Plans and executes large refactors or migrations in bounded Strangler Fig stages with rollback awareness at each phase. Trigger on "migrate from X to Y", "strangler fig", "framework migration", "legacy replacement", "incremental migration". Do NOT use for dependency-upgrades (version bumps), database-persistence (schema-only migrations), or deployment-pipeline (deployment changes).

install

source · Clone the upstream repo

git clone https://github.com/merceralex397-collab/skilllibrary

Claude Code · Install into ~/.claude/skills/

T=$(mktemp -d) && git clone --depth=1 https://github.com/merceralex397-collab/skilllibrary "$T" && mkdir -p ~/.claude/skills && cp -r "$T/02-generated-repo-core/migration-refactor" ~/.claude/skills/merceralex397-collab-skilllibrary-migration-refactor && rm -rf "$T"

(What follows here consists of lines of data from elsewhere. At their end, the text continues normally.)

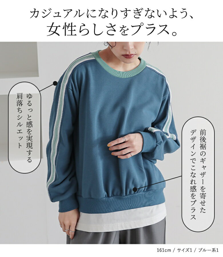 [期間限定クーポンで全品10%OFF]【全品送料無料】トップス レディース スウェット 長袖 裏毛 ラインテープ 配色ライン 長袖スウェット プルオーバー クルーネック トレーナー 着回し ニットテープ 裏毛スウェット 肩落ち オシャレウォーカー【メール便不可】【30】
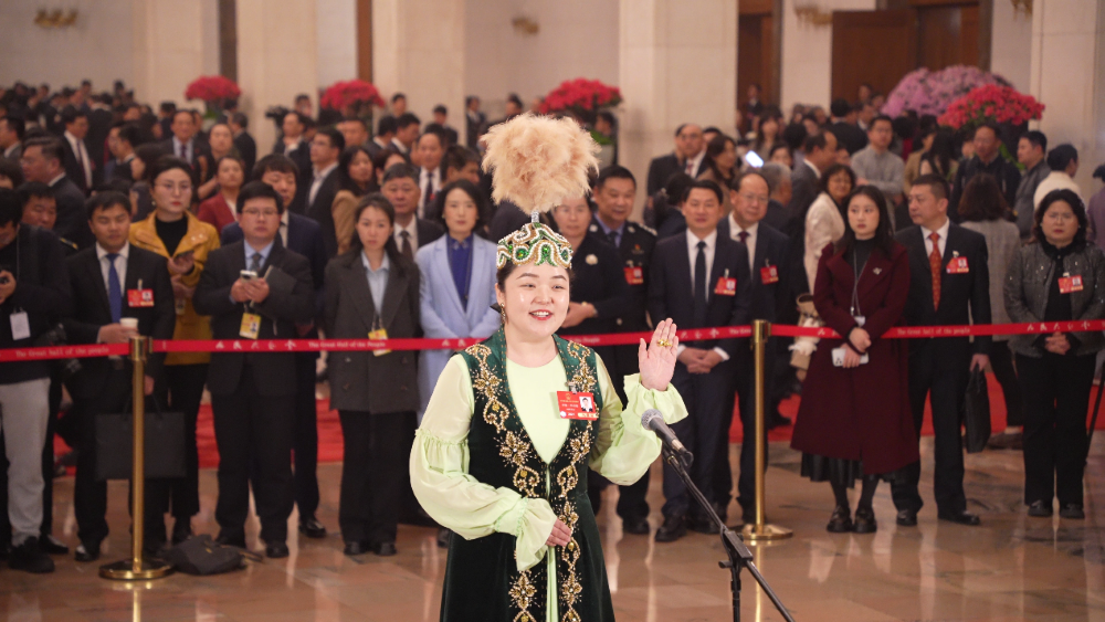 全國人大代表卓婭·巴合提在“代表通道”接受媒體采訪。人民網記者 張力洋攝
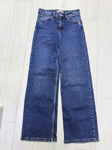 Джинсы прямого кроя женские - Свободный силуэт с прямой широкой штаниной - Средняя посадка - Классический голубой деним без сильных потертостей - Пять карманов: два спереди, маленький монетный и ...
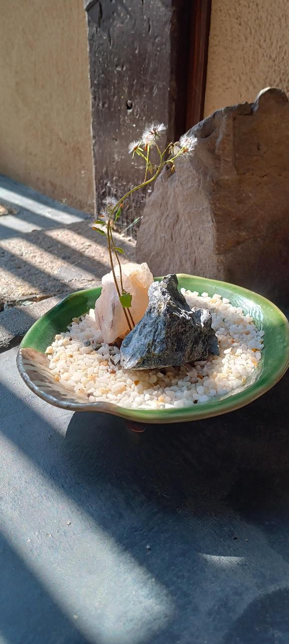 Zen rock garden bonsai and dandelion fluff
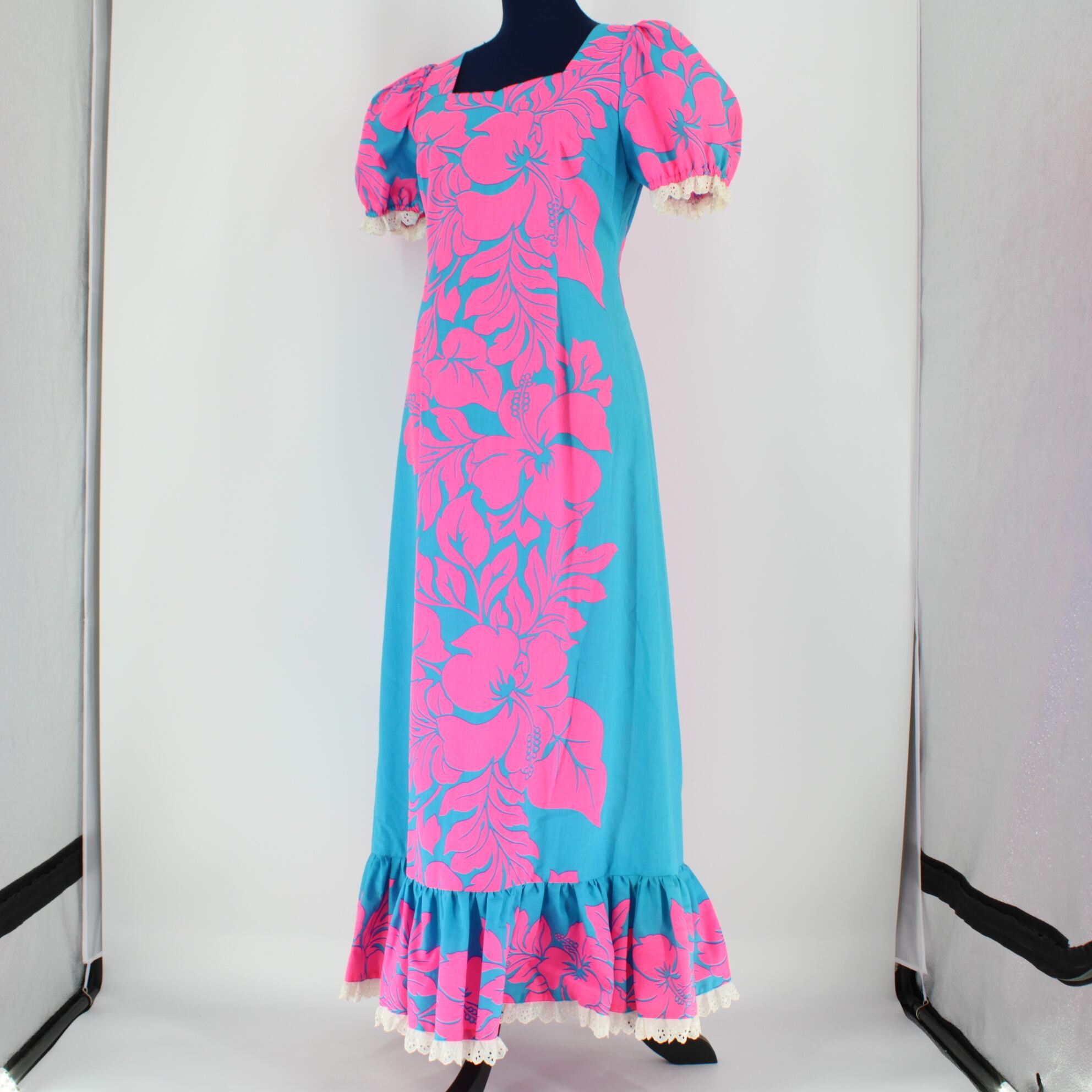 【フラダンス衣装】スカイブルー MAHALO マハロ ワンピース ドレス ハイビスカス柄 ピンク 水色 フリル レース 蛍光 かわいい

manifest: 02-generated-repo-core/migration-refactor/SKILL.md

source content

Purpose

Execute large-scale code migrations safely using the Strangler Fig pattern: incrementally replace old implementations while both old and new run in parallel, with clear rollback paths at each stage. This prevents big-bang rewrites that break everything at once.

When to use this skill

Use when:

Replacing a legacy system component with a new implementation
Migrating from one framework/library to another (e.g., REST to GraphQL)
Refactoring a monolith into services
Database schema migration with data transformation

Do NOT use when:

Small refactors that fit in one PR (just do them)
Greenfield development with no legacy system
Changes that don't need parallel running or rollback

Operating procedure

Identify the seam: Find the boundary where old and new systems meet. This is typically an API surface, database access layer, or routing layer.

Create the facade:

# Example: Feature-flagged routing
def get_user(user_id):
    if feature_flags.use_new_user_service(user_id):
        return new_user_service.get(user_id)
    return legacy_user_service.get(user_id)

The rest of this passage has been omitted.